Task to carry out: For the records below, output word for word the lines from the one with "di tabel seratus." up to and including the one with "卡通長方單層/單層分格飯盒+". No pictures.

Data items:
__________________________________________________
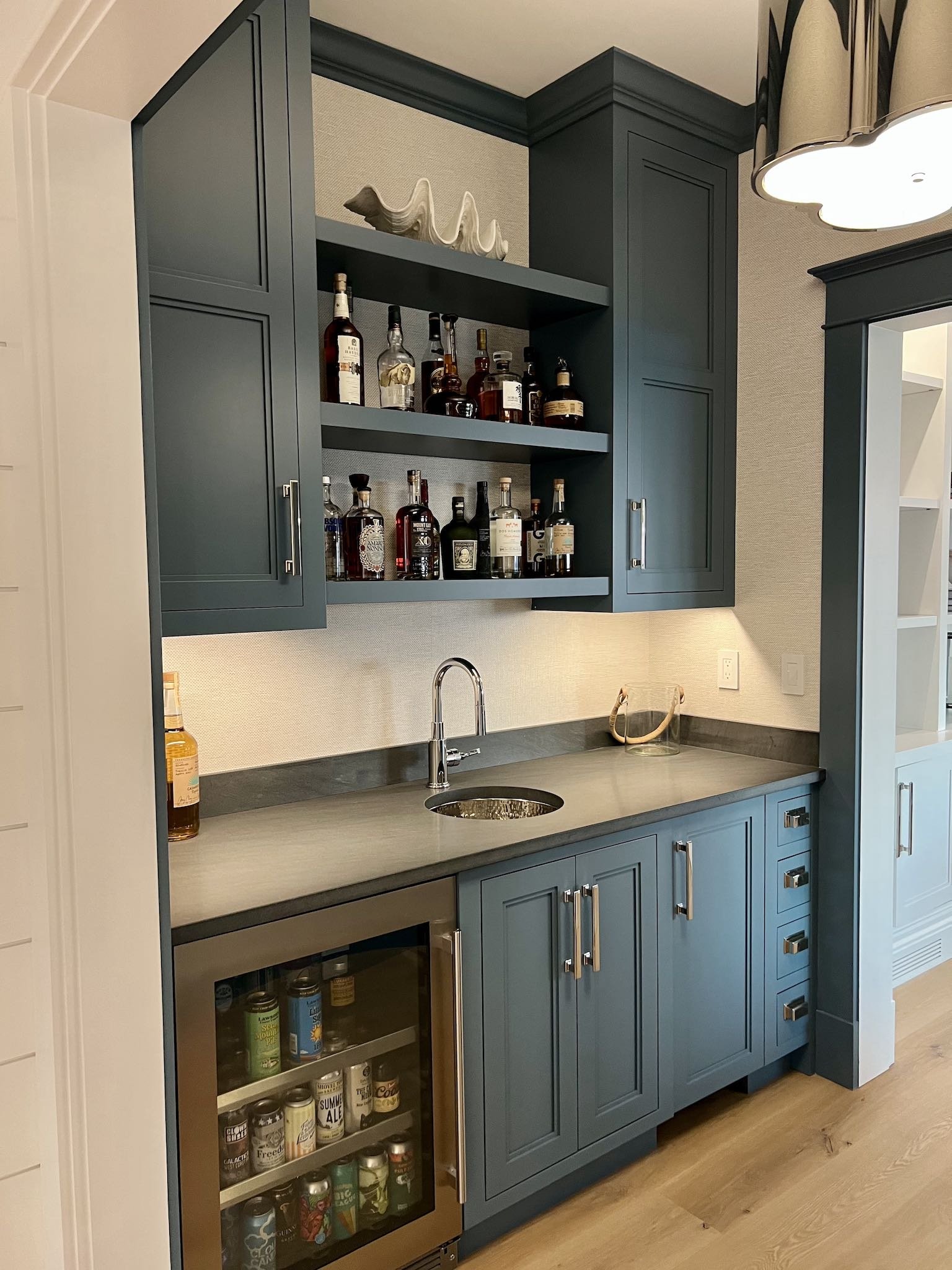 Faneuil's wet bar cabinet designs offer a blend of functionality and elegance, tailored to enhance any entertaining space.
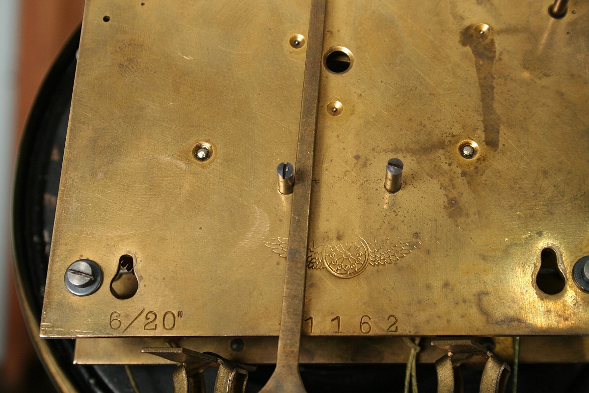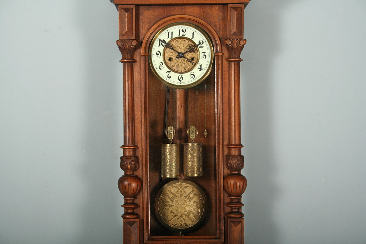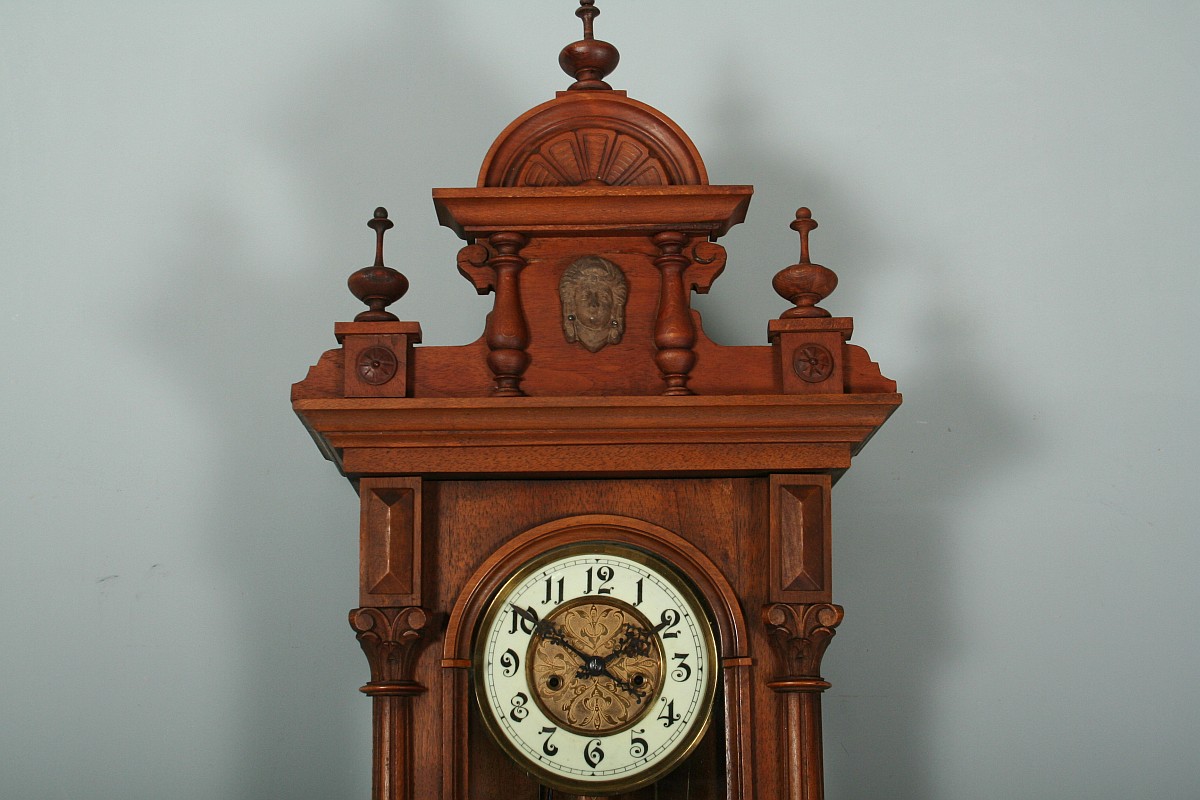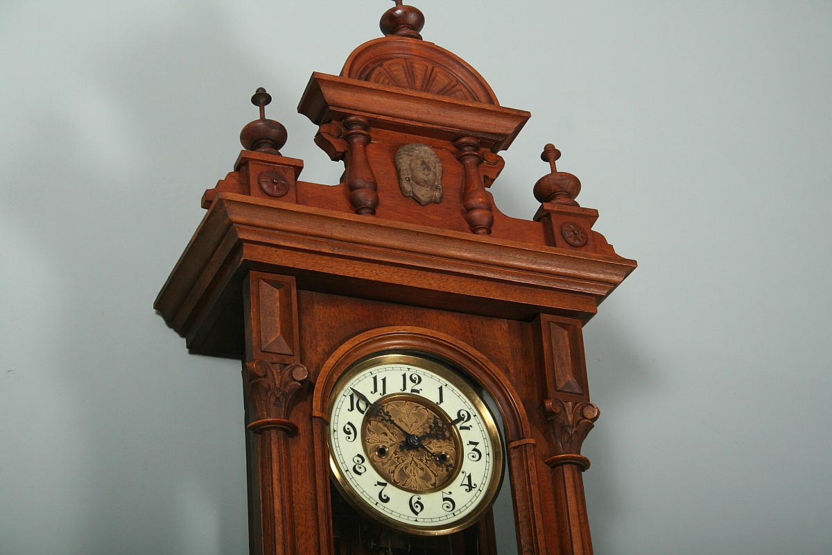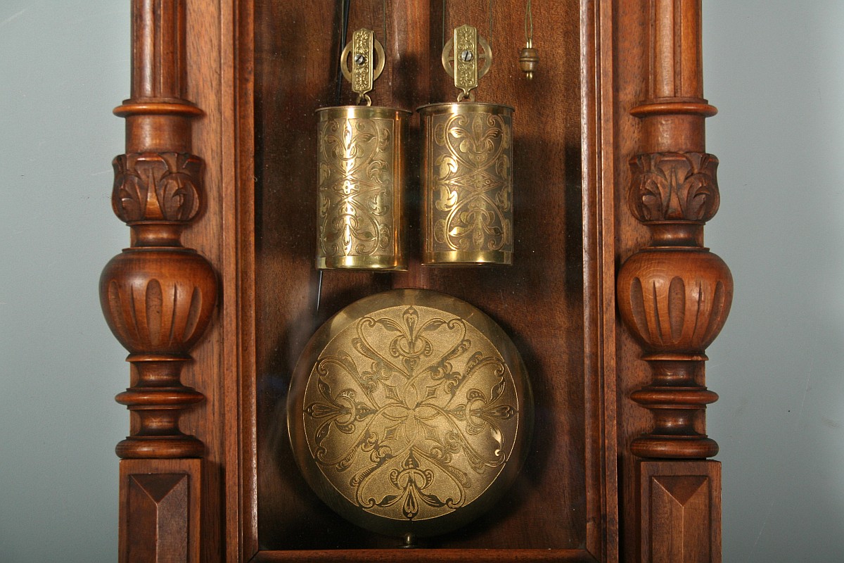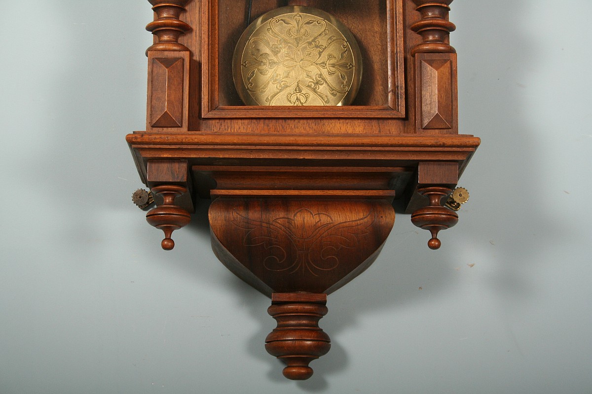 závěsné bicí hodiny bohatě gravírované v dřevěné vyřezávané skříni v pseudorenesančním stylu dýhované ořechem menších rozměrů, v pěkném původním stavu včetně původní koruny z přelomu 19. a 20. století, ciferník smaltovaný s bohatě gravírovaným středem dvěmi závažími a pendlem, stroj závažový značený okřídleným kolem, půlové bití do gongové tyče, funkční s klíčkem, 100 x 39 cm
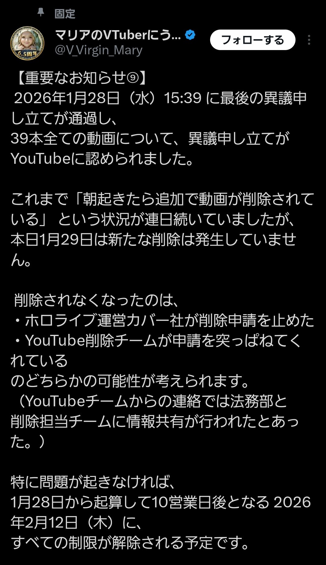 | … | 2026/02/14(土)22:10:02 ID:rL6MrTzcNo.1402054930そうだねx2>申請する際に何度もYouTubeくんから念押しされてたのにそれを全て読まなかったっぽいの何なんだろうな… |
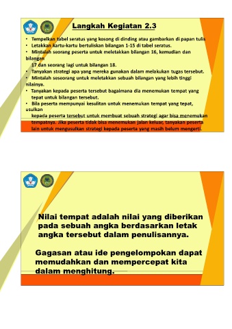 • Letakkan kartu-kartu bertuliskan bilangan 1-15 di tabel seratus.
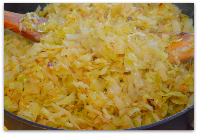 18. Снимаем крышку, увеличиваем огонь и поджариваем капусту, чтобы она стала золотистого цвета. Остужаем.
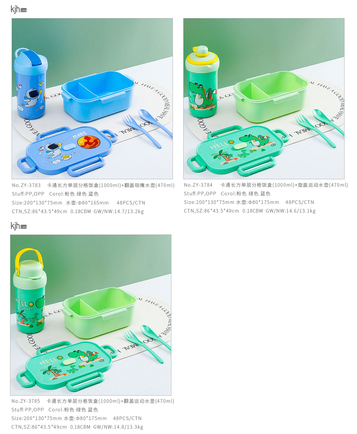 卡通長方單層/單層分格飯盒+翻蓋吸嘴/旋蓋運(yùn)動(dòng)/翻蓋運(yùn)動(dòng)水壺
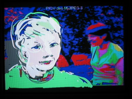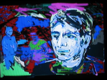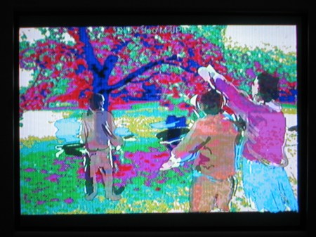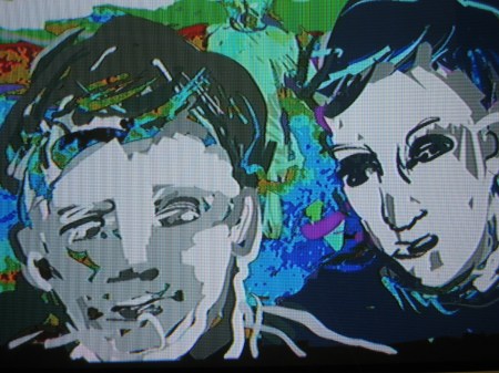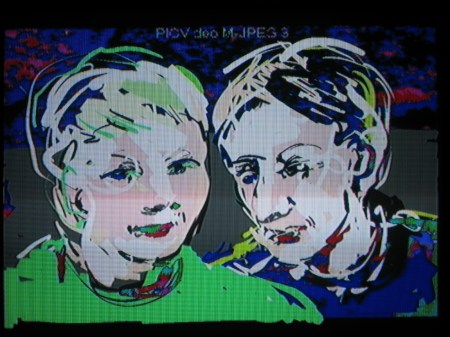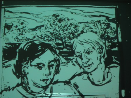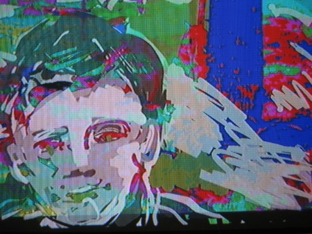Taking photos directly off the big screen with my small digital camera doesn’t result in very good quality images unfortunately. But I am very interested in the range of effects that can be achieved by superimposing black and white Tagtool drawing over our film footage processed through the Edirol mixer and I intend to do some more of this. In a later posting I hope to have some better photos and also some video clips of this work.
__________________________________________________
Output for this task:
 • Letakkan kartu-kartu bertuliskan bilangan 1-15 di tabel seratus.
 18. Снимаем крышку, увеличиваем огонь и поджариваем капусту, чтобы она стала золотистого цвета. Остужаем.
 卡通長方單層/單層分格飯盒+翻蓋吸嘴/旋蓋運(yùn)動(dòng)/翻蓋運(yùn)動(dòng)水壺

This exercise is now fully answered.